Galactinol synthase (GolS) is a key enzyme in the synthesis of raffinose family oligosaccharides that function as osmoprotectants in plant cells. In leaves of Arabidopsis (Arabidopsis thaliana) plants overexpressing heat shock transcription factor A2 (HsfA2), the transcription of GolS1, -2, and -4 and raffinose synthase 2 (RS2) was highly induced; thus, levels of Galactinol and raffinose increased compared with those in wild-type plants under control growth conditions. In leaves of the wild-type plants, treatment with 50 mum methylviologen (MV) increased the transcript levels of not only HsfA2, but also GolS1, -2, -3, -4, and -8 and RS2, -4, -5, and -6, the total activities of GolS isoenzymes, and the levels of Galactinol and raffinose. GolS1- or GolS2-overexpressing Arabidopsis plants (Ox-GolS1-11, Ox-GolS2-8, and Ox-GolS2-29) had increased levels of galactinol and raffinose in the leaves compared with wild-type plants under control growth conditions.

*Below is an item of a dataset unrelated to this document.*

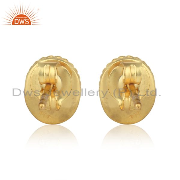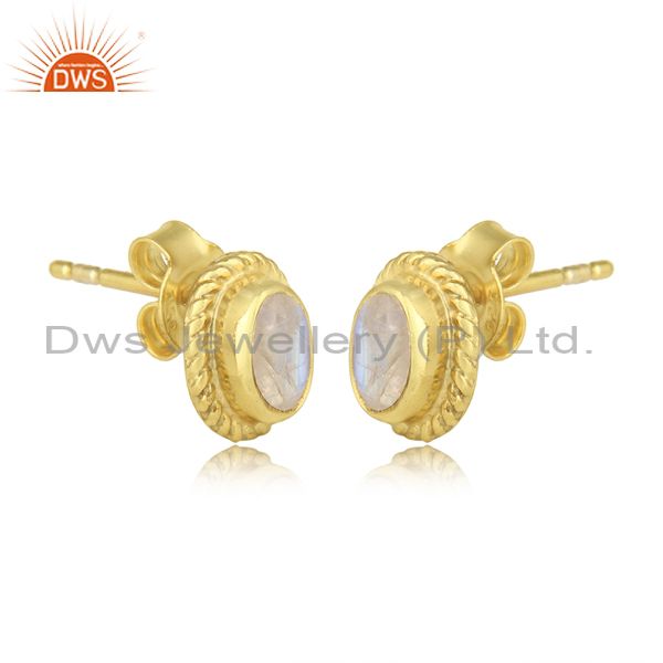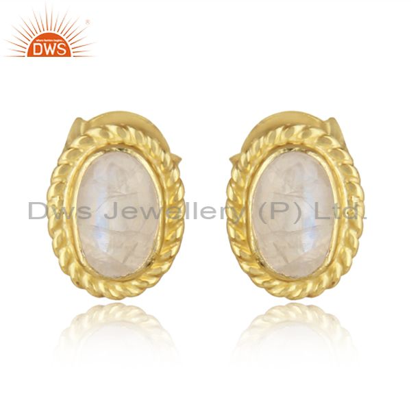 Handmade Silver Earring With Rainbow Moonstone And Yellow Gold On

High intracellular levels of Galactinol and raffinose in the transgenic plants were correlated with increased tolerance to MV treatment and salinity or chilling stress. Galactinol and raffinose effectively protected salicylate from attack by hydroxyl radicals in vitro. These findings suggest the possibility that galactinol and raffinose scavenge hydroxyl radicals as a novel function to protect plant cells from oxidative damage caused by MV treatment, salinity, or chilling [1].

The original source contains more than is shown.